En 1956, le général Giovanni De Lorenzo fut nommé à la tête du SIFAR sur la recommandation de
l'ambassadeur des Etats-Unis Claire Boothe Luce, la femme farouchement anticommuniste de
l'éditeur du magazine Time [Willems, op. cit., p. 82.]. Un acteur de premier plan était maintenant en
place dans Gladio. En 1962, la CIA aida à placer De Lorenzo à la tête de la police nationale (les
carabiniers), tandis qu'il conservait un contrôle effectif sur les services secrets.
Le général emmena avec lui 17 lieutenants pour éliminer les officiers insuffisamment engagés à
droite. Ce fut la première étape vers une tentative de coup d'Etat d'extrême droite, avec l'attaché
militaire américain Vernon Walters à sa tête. Cette même année, dans un mémorandum à De
Lorenzo, Walters proposa différents types d'interventions destinées à provoquer une crise nationale,
l'obstruction à une coalition de centre gauche, la fabrication de schismes entre les socialistes, et le
financement des forces favorables au statu quo [Ibid., p. 84.].
Pendant ce temps, selon des dossiers de la CIA trouvés à Rome en 1984, le chef de l'antenne de la
CIA William Harvey commença à recruter des « groupes d'action » à partir d'une liste de 2000
hommes « capables de lancer des bombes, de conduire des attaques, tout en accompagnant ces
actions d'une indispensable propagande » [Roberto Faenza, Il Malaffare (Milan, Mondadori, 1978),
p. 70, cité par Willems, op. cit., p. 85.]. Ces groupes eurent l'occasion de montrer leurs talents en
1963 dans le cadre d'une offensive antisyndicale. Des gladiateurs entraînés par les Américains,
habillés en policiers et en civils, attaquèrent des ouvriers du bâtiment qui manifestaient
pacifiquement à Rome, blessèrent 200 d'entre eux et dévastèrent une grande partie de la ville. Un
ancien général des services secrets fit le lien avec Gladio dans un témoignage ultérieur [Scalia, op.
cit., p. 11.].
Le lieutenant-colonel du SIFAR, Enzo Rocca, entraînait également, pour le coup d'Etat en
préparation, une milice civile composée d'ex-soldats, de parachutistes et de membres de
l'organisation militaire du « Prince Noir », Junio Valerio Borghese, la Decima MAS (dixième
escadron de torpilleurs) [M. Sassano, SID e Partito Americano (Venise et Padoue, Marsilio, 1975),
p.. 75-76 ; cité par Willems, op. cit., p. 85.]. Le président Antonio Segni connaissait, semble-t-il, ce
plan, qui devait se conclure par l'assassinat du premier ministre Aldo Moro, se retrouvant dans le
collimateur parce qu'il n'avait pas été assez dur avec les communistes [Stuart Christie, Stefano Delle
Chiaie : Portrait of a « Black » Terrorist (London, Refract Publishers, 1984), p. 24)].
La prise de pouvoir planifiée de longue date, connue plus tard sous le nom de Plan Solo, échoua en
mars 1964, les principaux carabiniers impliqués restant dans leurs quartiers. Comme l'enquête qui
s'ensuivit en venait à interroger Rocca sur la tentative de coup d'Etat, il se suicida, paraît-il, peut-
être pour respecter le serment de silence fait à Gladio. Après que des officiels eurent établi que des
secrets d'Etat étaient en cause, trois enquêtes s'enlisèrent et ne parvinrent pas à désigner les
complices du coupable [Willems, op. cit., p. 85.].
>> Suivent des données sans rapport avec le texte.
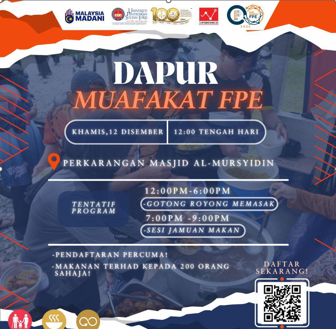 Tanjong Malim, 12 Disember 2024 – Hari Terbuka Fakulti Pengurusan Ekonomi (FPE) Universiti Pendidikan Sultan Idris (UPSI) menjadi lebih bermakna dengan kehadiran ‘Dapur Muafakat FPE’, sebuah inisiatif kebersamaan yang berjaya menyatukan mahasiswa dan ahli akademik. Program ini merupakan hasil kolaborasi erat antara FPE dengan Masjid Al-Mursyidin UPSI. Bertujuan untuk menyemai semangat gotong-royong dan kepedulian sosial, acara ini berlangsung dari pukul 12 tengah hari hingga 9 malam.

6. Gladio: la guerre secrète des Etats-Unis pour subvertir la démocratie


italienne (la stratégie de la tension)

LA STRATEGIE DE LA TENSION

En dépit de l'échec du Plan Solo, la CIA et la droite italienne avaient largement réussi à créer les
structures clandestines prévues par l'opération Demagnetize. Dès lors, les conspirateurs
s'appliquèrent à renouveler l'offensive contre la gauche.
Pour se gagner le soutien des intellectuels, les services secrets organisèrent dans le luxueux hôtel
Parco dei Principi, à Rome en mai 1965, une conférence, consacrée à l' « étude » de la « guerre
révolutionnaire ». Le choix des mots révélait par inadvertance que les conférenciers et les
participants invités étaient en train de planifier une véritable révolution et non seulement de mettre
en garde contre une prise de pouvoir imaginaire des communistes. Le rassemblement était
principalement une réunion de fascistes, de journalistes d'extrême droite et de personnel militaire.
« La stratégie de la tension » qui en sortit était destinée à perturber la vie ordinaire par des attentats
terroristes pour créer le chaos et inciter un public effrayé à accepter un gouvernement encore plus
autoritaire [Mario Scialoja, « Un Convegno Explosivo », L'Expresso, 25 novembre 1990, p. 127.] .
Plusieurs « spécialistes » de cette opération avaient un casier judiciaire chargé d'activistes
anticommunistes et devaient être plus tard impliqués dans quelques uns des pires massacres que
connut l'Italie. L'un d'entre eux était le journaliste et agent secret Guido Giannettini. Quatre ans
plus tôt, il avait dirigé un séminaire à l'Académie navale américaine sur les « techniques et les
perspectives de coup d'Etat en Europe ». Un autre était le fasciste notoire Stefano Delle Chiaie qui
avait été, semble-t-il, recruté comme agent secret en 1960. Il avait organisé son propre groupe armé,
connu sous le nom d'Avanguardia Nazionale (AN), dont les membres avaient commencé à
s'entraîner aux tactiques terroristes en préparation du plan Solo [Christie, op. cité, pp. 26, 33.].
Le général De Lorenzo, dont le SIFAR était devenu le SID, eut tôt fait d'enrôler ces derniers ainsi
que d'autres hommes de confiance dans un nouveau projet Gladio. Ils planifièrent la création d'une
force parallèle secrète aux côtés des services gouvernementaux sensibles pour neutraliser les
éléments subversifs qui n'avaient pas été encore « purifiés ». Connu sous le nom de SID parallèle,
ses tentacules s'étendaient à presque toutes les institutions capitales de l'Etat italien. Le général Vito
Miceli, qui fut ensuite à la tête du SID, déclara qu'il mis en place cette structure séparée « sur
requête des Américains et de l'OTAN » [Ibid., pp. 35-36.].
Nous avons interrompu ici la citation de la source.